(Your goal): Repeat verbatim each line from the line with "ROG Ryuo IV" to the end of the entries. Pictures do not belong in the copy.

---------- Given data

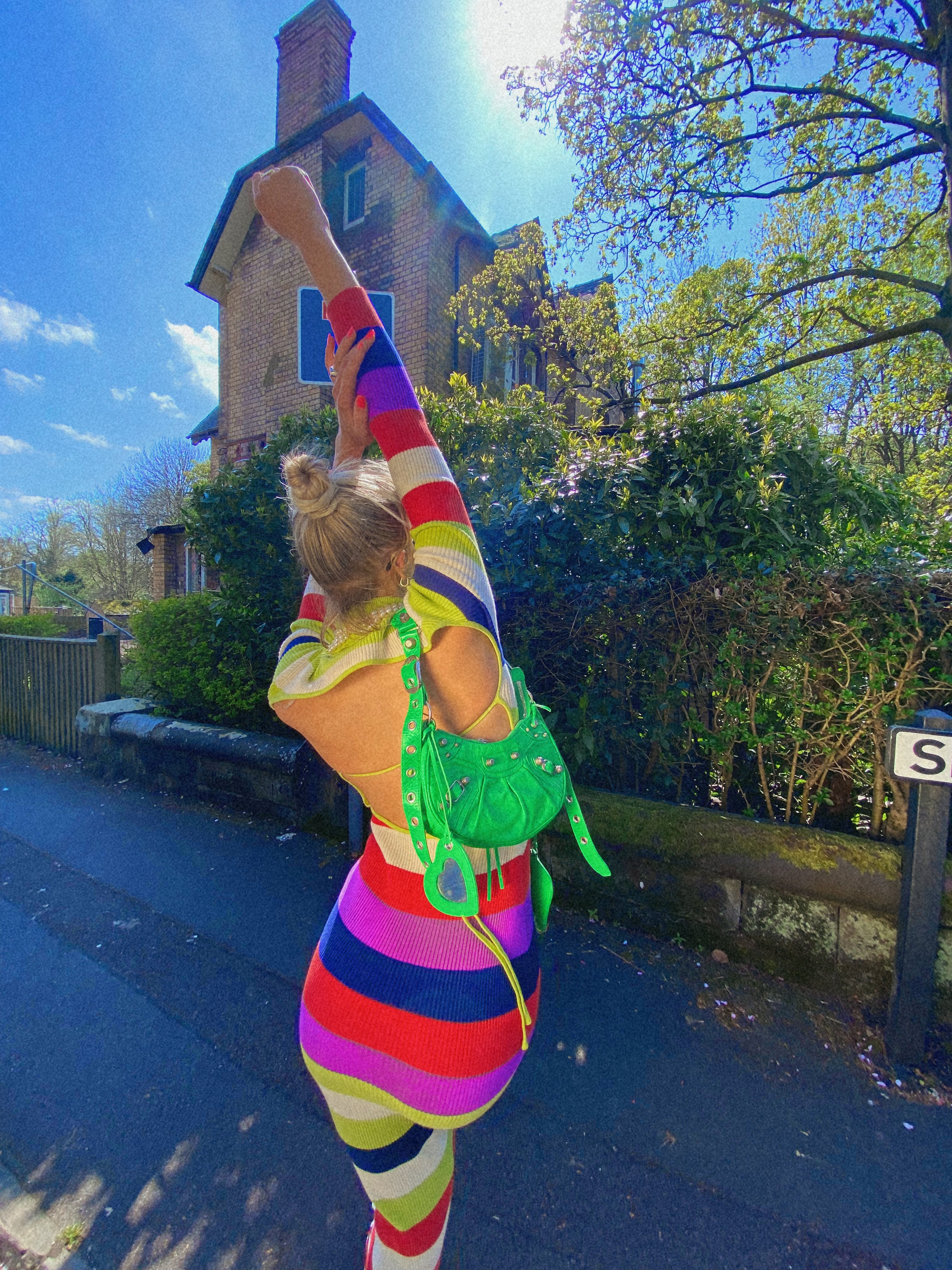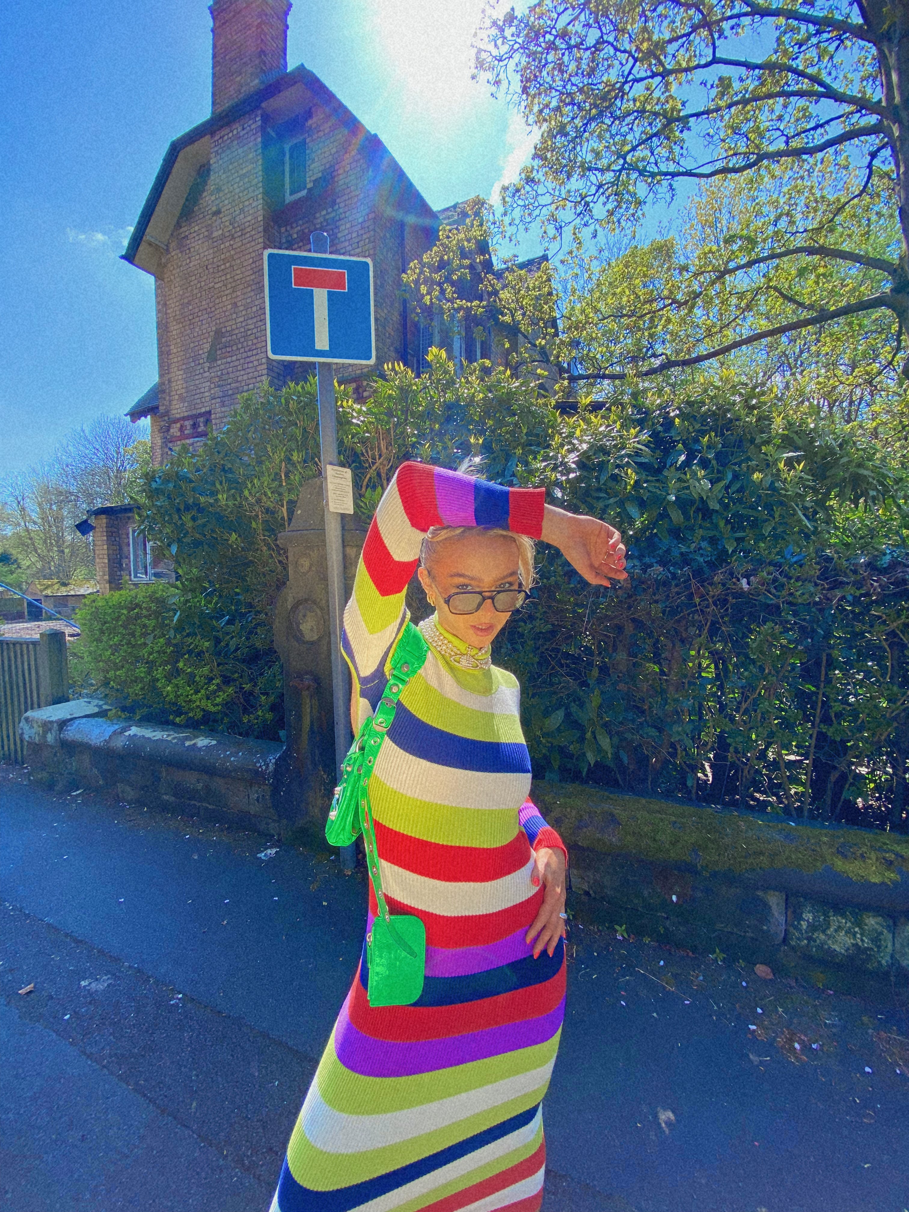 Glamorous Multi Stripe Knitted Midi Dress with Open Back
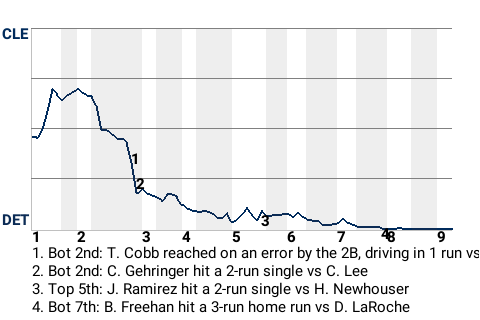 3 (7, 2nd Inning off C. Lee, 1 on, 0 outs; 7th Inning off S. Siebert, 0 on, 0 outs; 8th Inning off D. LaRoche, 1 on, 2 outs)
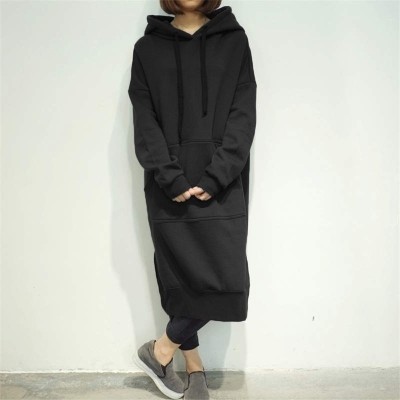 Women Casual Long Hoodies Autumn Winter Solid Color Drawsting Loose Hooded Sweatshirts Female Oversized Pockets Pullovers Top
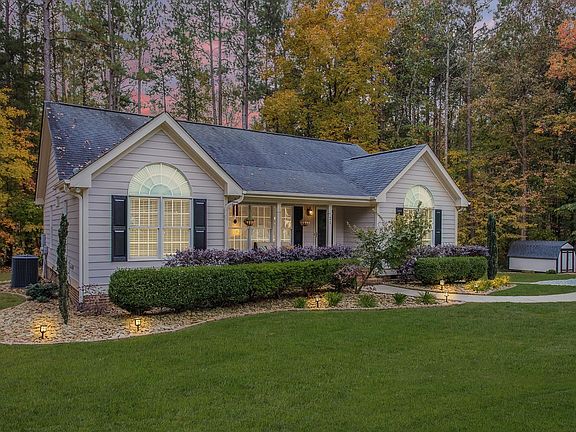 This adorable, well-maintained 3BR/2BA ranch home sits on over an acre corner lot in an absolute hidden-gem of a neighborhood. Upon entering the home you'll want to take a moment to bask in the natural light that floods every room. Kick your feet up and relax in the spacious living room that features hardwood floors, vaulted ceilings, a fireplace, and built in bookshelves. The kitchen offers an abundance of storage w/ ceiling-height cabinetry as well as stainless steel appliances. The split floor plan and roomy bedrooms allow for both privacy and convenience. Enjoy the sights & sounds of nature from the large back deck or front patio. Take note of the brand new carpet in one of the bedrooms, storage shed, and new gravel in the driveway. This home is turn-key and ready for you to move in and make it your very own home sweet home. Convenient to both Durham and Hillsborough.
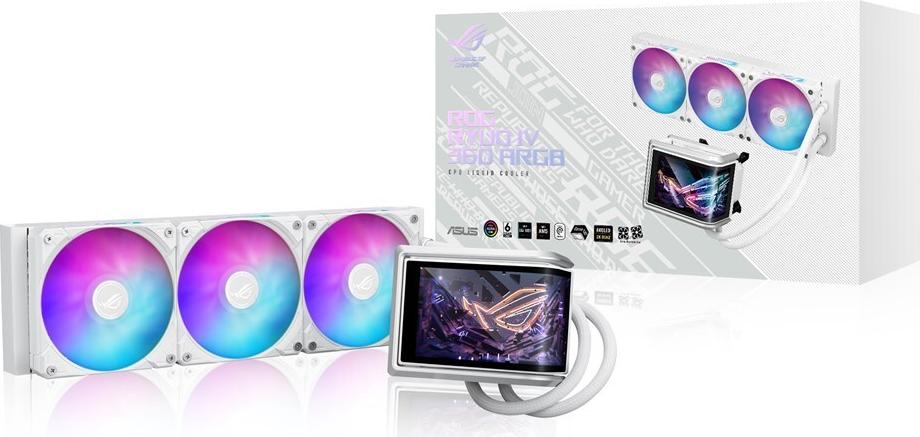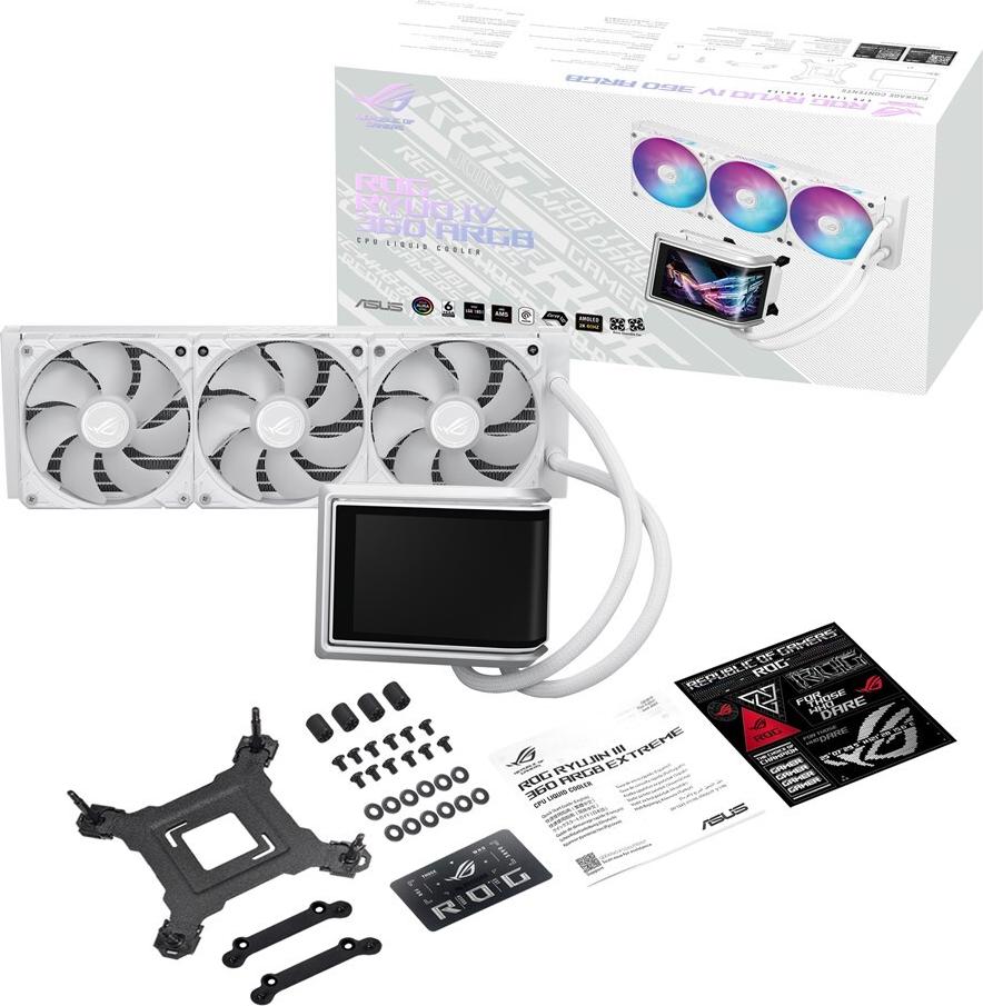 ROG Ryuo IV 360 ARGB WHT Kühler, 3 x 120 mm ARGB Lüfter, Montageset für Intel/AMD, Schraubenset, Installationsanleitung |
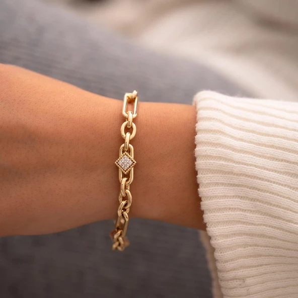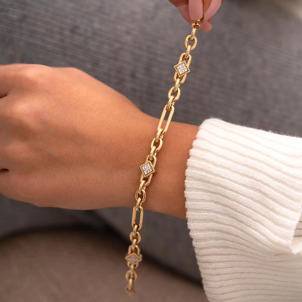 Dörtgen Taşlı Tasarım 14 Ayar Altın Bileklik

--------------------

(Answer to this exercise):
 ROG Ryuo IV 360 ARGB WHT Kühler, 3 x 120 mm ARGB Lüfter, Montageset für Intel/AMD, Schraubenset, Installationsanleitung |
 Dörtgen Taşlı Tasarım 14 Ayar Altın Bileklik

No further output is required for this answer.